# Not bad for an old girl?



## GrahamSPhillips (Jan 29, 2021)

20y old. A gave her a bit of a polish..what do you think?


----------



## DavecUK (Aug 6, 2013)

Bricoletta if I remember rightly, a friend of mine has one....


----------



## The Systemic Kid (Nov 23, 2012)

Very tidy indeed.


----------



## GengisKhan (May 8, 2017)

Looks amazing!!! What's the machine?


----------



## Marocchino (May 1, 2019)

Looks like it's been well taken care of - lovely machine.



GengisKhan said:


> Looks amazing!!! What's the machine?


 Here - https://fiorenzato.co.uk/bricoletta_espresso.html


----------



## GrahamSPhillips (Jan 29, 2021)

Yeap! Tis my beautiful art-deco Bric! Built as solid as a brick too.. everything is stainless steel. I've no idea why these machines have so little profile?


----------



## Marocchino (May 1, 2019)

GrahamSPhillips said:


> Built as solid as a brick too.. everything is stainless steel.


 It certainly looks solid. What influenced your choice in buying it?Would be very interested to hear a little more about how it's has been used and maintained during your twenty year ownership. For example, is it used most days? Do you largely make milk based drinks? Have you maintained it yourself and had to replace any faulty components during that time? Have you had to treat the water that you feed it with?

I had the same manual E61 based machine for 15 years, used most days at least twice a day. Aside from the usual E61 maintenance, it needed a steam and water valve replacement and a pressurestat. It was used for both milk based and espresso drinks. I'm pretty lucky in that the water in my area doesn't cause problems with scaling so it was fed with filtered tap water.


----------



## BlackCatCoffee (Apr 11, 2017)

Wow. Love the aesthetics and looks like it has been cherished.

I'd be delighted to have that on my kitchen counter.


----------



## PortafilterProcrastinator (Aug 26, 2020)

It is a really brilliant looking machine.

I'd also be really interested in hearing how you've used the machine/ found maintenance over the last 20 years.

Information on their website seems scant. Is there somewhere that provides a detailed run down?

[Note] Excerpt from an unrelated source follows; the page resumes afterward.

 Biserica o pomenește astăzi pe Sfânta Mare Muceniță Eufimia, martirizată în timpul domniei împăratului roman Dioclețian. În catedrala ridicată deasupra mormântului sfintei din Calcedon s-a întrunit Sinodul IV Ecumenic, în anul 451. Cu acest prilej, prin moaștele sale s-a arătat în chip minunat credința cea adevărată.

The idea of having a machine that lasts 20 years is something of an ambition/ aspiration. Does simplicity = longevity?


----------



## DavecUK (Aug 6, 2013)

GrahamSPhillips said:


> Yeap! Tis my beautiful art-deco Bric! Built as solid as a brick too.. everything is stainless steel. I've no idea why these machines have so little profile?

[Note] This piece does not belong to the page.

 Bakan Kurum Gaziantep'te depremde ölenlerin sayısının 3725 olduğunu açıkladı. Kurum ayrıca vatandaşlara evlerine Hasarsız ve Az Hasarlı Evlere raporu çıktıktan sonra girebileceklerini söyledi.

 Many manufacturers became far less prominent in the prosumer market starting almost 20 years ago, Isomac, La Sacala, Firoenzato.. etc It was a combination of profitability, competition and technical development.

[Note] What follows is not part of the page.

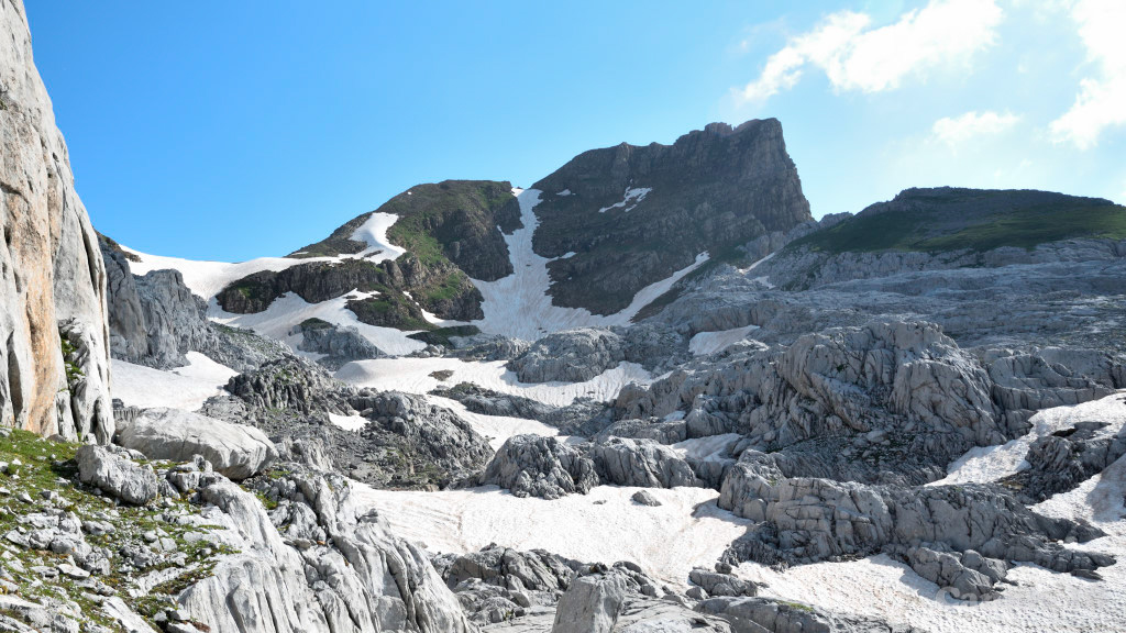 Entrada a la valleta càrstica sota el pic d'Aspe, que ja es veu al fons

Profitability - for the main stream manufacturers commercial offers much more profit and far less hassle


Development - used to be fairly pedestrian in the commercial market, they had to be on their toes in the prosumer market. Many companies had the problems of machines that were technically and developmentally unloved and left behind. The manufacturers eventually open their eyes to this...but it can come far too late e.g. Isomac


Competition - Prosumers can be very choosy, it's expensive to keep up with what they perceive as the customer demands....for many of them they only engage with the retails/wholesalers (fortunately this is changing) who often have very different requirement to the end customers.


----------



## Marocchino (May 1, 2019)

DavecUK said:


> Isomac, La Sacala,


 Oddly enough, seeing the manufacturers you mention above, brings back an initial memory on my coffee machine history. Even though I'm on machine number two in 16 years, I tested at home for about a week a La Scala Butterfly. Initial impressions of it was the build quality was not quite what I'd expected and so it was returned. I ended up with an Isomac Millenium and stuck with it for 15 years until going over to the dark side of a lever. I guess I must be lazy by nature or perhaps age has softened me to wanting a life of minimum faff, I really don't miss the E61 maintenance.


----------



## GrahamSPhillips (Jan 29, 2021)

So it was a relatively recent purchase from someone who then upgraded to a Rocket Evolutione R. He'd looked after it beautifully and even put me in touch with the technician who had serviced it. All the internals are high spec (I took the lid off and checked). Maintenance is standard stuff really... backflush regularly and full service every year or two. All the seals had been replaced and nothing leaks. I'm toying with adding a thermometer or a a flow control to the group.. but first let's see what difference my NICHE ZERO makes when she arrives in the next week or two. What would be really interesting would be to add a PID. I know the jury is out on PIDs for Hx machines but they are the latest vogue.

I highly recommend these guys http://www.caffevinci.com/ who have been really helpful sending me bits and bobs. They are the UK importer. Stephen even sent me the internal diagrams and he's trying to get a me a copy of the manual in pdf. Her tells me the machine is still being made and its largely unchanged. If you are really sad (confession I was) there's an amazing thread here:

https://www.home-barista.com/blog/fiorenzato-bricoletta-pros-perspective-t291.html

I wanted a bit of a project and little Bricoletta has become precisely that. Its like having jewelry on our counter!

How sad am I?

(Please do support the team at Caffe Vinci of you can!)

Best!

Graham

PS: @Dave recommend me some espresso beans to try.. I'm flirting with different options and still haven't fallen in love with one or two...

To be continued!


----------



## GrahamSPhillips (Jan 29, 2021)

Vis a vis nothing whatsoever I stumbled across this. Mine is in much better nick! Still it'd be a nice project for someone

https://www.ebay.co.uk/itm/Fiorenzato-Bricoletta-Semi-Pro-Coffee-Espresso-Machine-REFURBISHED-/363305836642?_trksid=p2349624.m46890.l49292


----------



## PortafilterProcrastinator (Aug 26, 2020)

@GrahamSPhillips

Really interesting. This design/ style has certain gone down well in my house, so will go on the list.

I've already been doing various bits of googling. I might drop CafeVinci an email, there is also Fiorenzato.co.uk but few real details - seems you can have a brew switch or lever, but no explanation.

Does yours have a rotary pump?

That eBay one also has the buttons in the top right - seems that version gets some bad reviews.


----------



## GrahamSPhillips (Jan 29, 2021)

Yep mine has a rotary pump - they all do; I'm vaguely thinking of selling mine by the way perchance anyone is interested..


----------



## Marocchino (May 1, 2019)

GrahamSPhillips said:


> I'm vaguely thinking of selling mine by the way


 Hopefully this doesn't sound too inquisitive, but why?


----------



## GrahamSPhillips (Jan 29, 2021)

I'm kind of thinking about an Hx with PID plus flow control (more toys to play with)


----------



## Marocchino (May 1, 2019)

GrahamSPhillips said:


> I'm kind of thinking about an Hx with PID plus flow control


 Enjoy the research and good luck with your deliberations.


----------



## GrahamSPhillips (Jan 29, 2021)

OK so she's now up for sale should anyone be interested?


----------



## GrahamSPhillips (Jan 29, 2021)

Sold!


----------



## Rincewind (Aug 25, 2020)

GrahamSPhillips said:


> Sold!


 On here or someplace else ?


----------